DATA TO USE: Begin

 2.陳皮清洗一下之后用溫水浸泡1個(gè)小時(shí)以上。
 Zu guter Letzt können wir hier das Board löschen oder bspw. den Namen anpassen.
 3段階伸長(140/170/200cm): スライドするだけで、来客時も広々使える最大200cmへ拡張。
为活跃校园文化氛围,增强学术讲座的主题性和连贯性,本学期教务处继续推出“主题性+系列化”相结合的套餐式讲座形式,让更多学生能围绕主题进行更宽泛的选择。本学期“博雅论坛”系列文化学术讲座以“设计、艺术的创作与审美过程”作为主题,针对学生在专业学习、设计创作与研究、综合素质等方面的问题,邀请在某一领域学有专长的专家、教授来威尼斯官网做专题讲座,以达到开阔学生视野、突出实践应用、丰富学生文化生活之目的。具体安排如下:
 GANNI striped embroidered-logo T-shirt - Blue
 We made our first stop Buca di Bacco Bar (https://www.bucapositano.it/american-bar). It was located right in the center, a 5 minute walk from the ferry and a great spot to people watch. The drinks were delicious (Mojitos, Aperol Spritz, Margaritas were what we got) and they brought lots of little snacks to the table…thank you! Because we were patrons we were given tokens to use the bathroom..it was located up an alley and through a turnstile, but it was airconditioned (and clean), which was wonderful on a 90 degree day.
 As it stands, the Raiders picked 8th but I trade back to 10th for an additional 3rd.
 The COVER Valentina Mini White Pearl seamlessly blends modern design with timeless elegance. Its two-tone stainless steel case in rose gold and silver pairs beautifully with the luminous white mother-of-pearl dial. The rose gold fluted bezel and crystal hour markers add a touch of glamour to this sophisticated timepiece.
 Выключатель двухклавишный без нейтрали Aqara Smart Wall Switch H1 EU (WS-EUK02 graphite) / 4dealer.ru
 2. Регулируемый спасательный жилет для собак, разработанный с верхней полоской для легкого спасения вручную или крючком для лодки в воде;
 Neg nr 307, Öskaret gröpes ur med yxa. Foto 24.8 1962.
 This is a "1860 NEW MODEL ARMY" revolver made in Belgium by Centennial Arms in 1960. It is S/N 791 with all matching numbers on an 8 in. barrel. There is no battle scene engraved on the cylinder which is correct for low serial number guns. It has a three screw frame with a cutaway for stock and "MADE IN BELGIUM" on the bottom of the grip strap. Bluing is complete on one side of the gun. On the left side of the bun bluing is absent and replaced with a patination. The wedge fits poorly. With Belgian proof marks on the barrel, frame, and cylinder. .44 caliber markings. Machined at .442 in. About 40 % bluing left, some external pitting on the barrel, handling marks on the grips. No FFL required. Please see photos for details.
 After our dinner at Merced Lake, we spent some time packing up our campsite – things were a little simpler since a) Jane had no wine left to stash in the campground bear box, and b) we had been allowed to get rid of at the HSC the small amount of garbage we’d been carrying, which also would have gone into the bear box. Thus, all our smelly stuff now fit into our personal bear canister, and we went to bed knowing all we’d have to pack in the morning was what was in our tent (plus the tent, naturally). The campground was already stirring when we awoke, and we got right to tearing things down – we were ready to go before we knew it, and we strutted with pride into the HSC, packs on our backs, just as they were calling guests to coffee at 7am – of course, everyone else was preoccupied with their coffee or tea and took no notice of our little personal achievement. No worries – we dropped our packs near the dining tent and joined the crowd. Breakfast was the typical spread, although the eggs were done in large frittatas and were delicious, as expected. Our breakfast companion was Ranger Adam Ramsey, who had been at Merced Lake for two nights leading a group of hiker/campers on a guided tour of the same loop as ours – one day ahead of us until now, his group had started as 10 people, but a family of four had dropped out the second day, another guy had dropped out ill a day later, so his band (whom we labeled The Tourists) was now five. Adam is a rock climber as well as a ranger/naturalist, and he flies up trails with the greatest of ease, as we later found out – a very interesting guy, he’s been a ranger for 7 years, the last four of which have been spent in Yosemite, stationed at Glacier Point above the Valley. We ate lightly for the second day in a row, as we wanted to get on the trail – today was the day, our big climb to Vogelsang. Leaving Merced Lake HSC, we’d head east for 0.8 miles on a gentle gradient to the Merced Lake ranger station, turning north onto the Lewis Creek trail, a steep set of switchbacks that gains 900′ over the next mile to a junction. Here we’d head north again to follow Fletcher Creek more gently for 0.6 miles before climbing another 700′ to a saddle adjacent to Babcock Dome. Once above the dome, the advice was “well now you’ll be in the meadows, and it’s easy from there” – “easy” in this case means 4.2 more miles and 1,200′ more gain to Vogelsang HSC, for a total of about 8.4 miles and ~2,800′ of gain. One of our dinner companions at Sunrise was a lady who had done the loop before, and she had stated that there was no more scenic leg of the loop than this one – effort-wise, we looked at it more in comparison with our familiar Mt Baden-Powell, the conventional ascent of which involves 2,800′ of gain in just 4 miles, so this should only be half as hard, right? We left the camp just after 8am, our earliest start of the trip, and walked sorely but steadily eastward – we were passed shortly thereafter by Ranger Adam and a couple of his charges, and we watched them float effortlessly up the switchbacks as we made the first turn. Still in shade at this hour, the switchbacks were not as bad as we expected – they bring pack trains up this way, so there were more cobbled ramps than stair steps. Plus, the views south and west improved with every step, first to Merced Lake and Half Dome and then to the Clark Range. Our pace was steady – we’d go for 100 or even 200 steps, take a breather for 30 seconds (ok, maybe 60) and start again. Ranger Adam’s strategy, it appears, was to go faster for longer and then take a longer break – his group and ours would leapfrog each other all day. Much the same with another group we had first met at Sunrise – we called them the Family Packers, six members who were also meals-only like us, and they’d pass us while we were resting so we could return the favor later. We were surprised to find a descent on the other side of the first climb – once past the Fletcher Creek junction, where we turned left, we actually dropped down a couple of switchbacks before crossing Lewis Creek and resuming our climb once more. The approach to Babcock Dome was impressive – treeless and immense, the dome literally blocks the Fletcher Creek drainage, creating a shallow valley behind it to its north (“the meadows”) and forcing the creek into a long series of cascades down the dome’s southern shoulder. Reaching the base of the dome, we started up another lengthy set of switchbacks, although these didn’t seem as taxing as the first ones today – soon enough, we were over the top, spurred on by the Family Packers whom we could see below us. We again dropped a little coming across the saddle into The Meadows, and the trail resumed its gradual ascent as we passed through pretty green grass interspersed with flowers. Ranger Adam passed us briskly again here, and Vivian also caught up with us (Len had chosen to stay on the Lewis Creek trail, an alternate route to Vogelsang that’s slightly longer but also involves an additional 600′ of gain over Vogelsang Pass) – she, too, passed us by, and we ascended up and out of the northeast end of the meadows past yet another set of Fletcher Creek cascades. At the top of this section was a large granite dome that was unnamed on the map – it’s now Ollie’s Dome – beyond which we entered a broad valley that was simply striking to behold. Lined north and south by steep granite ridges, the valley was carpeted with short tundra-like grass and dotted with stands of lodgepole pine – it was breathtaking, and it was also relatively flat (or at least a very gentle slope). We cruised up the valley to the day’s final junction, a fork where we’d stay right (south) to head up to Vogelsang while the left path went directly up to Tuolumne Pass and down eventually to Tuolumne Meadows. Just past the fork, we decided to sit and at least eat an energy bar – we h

DATA TO USE: End

*TASK TO CARRY OUT*
Repeat each line of the data above, exactly as it appears, from the first through the line that contains "GANNI striped embroidered-logo".

*WRITTEN REPLY*
 2.陳皮清洗一下之后用溫水浸泡1個(gè)小時(shí)以上。
 Zu guter Letzt können wir hier das Board löschen oder bspw. den Namen anpassen.
 3段階伸長(140/170/200cm): スライドするだけで、来客時も広々使える最大200cmへ拡張。
为活跃校园文化氛围,增强学术讲座的主题性和连贯性,本学期教务处继续推出“主题性+系列化”相结合的套餐式讲座形式,让更多学生能围绕主题进行更宽泛的选择。本学期“博雅论坛”系列文化学术讲座以“设计、艺术的创作与审美过程”作为主题,针对学生在专业学习、设计创作与研究、综合素质等方面的问题,邀请在某一领域学有专长的专家、教授来威尼斯官网做专题讲座,以达到开阔学生视野、突出实践应用、丰富学生文化生活之目的。具体安排如下:
 GANNI striped embroidered-logo T-shirt - Blue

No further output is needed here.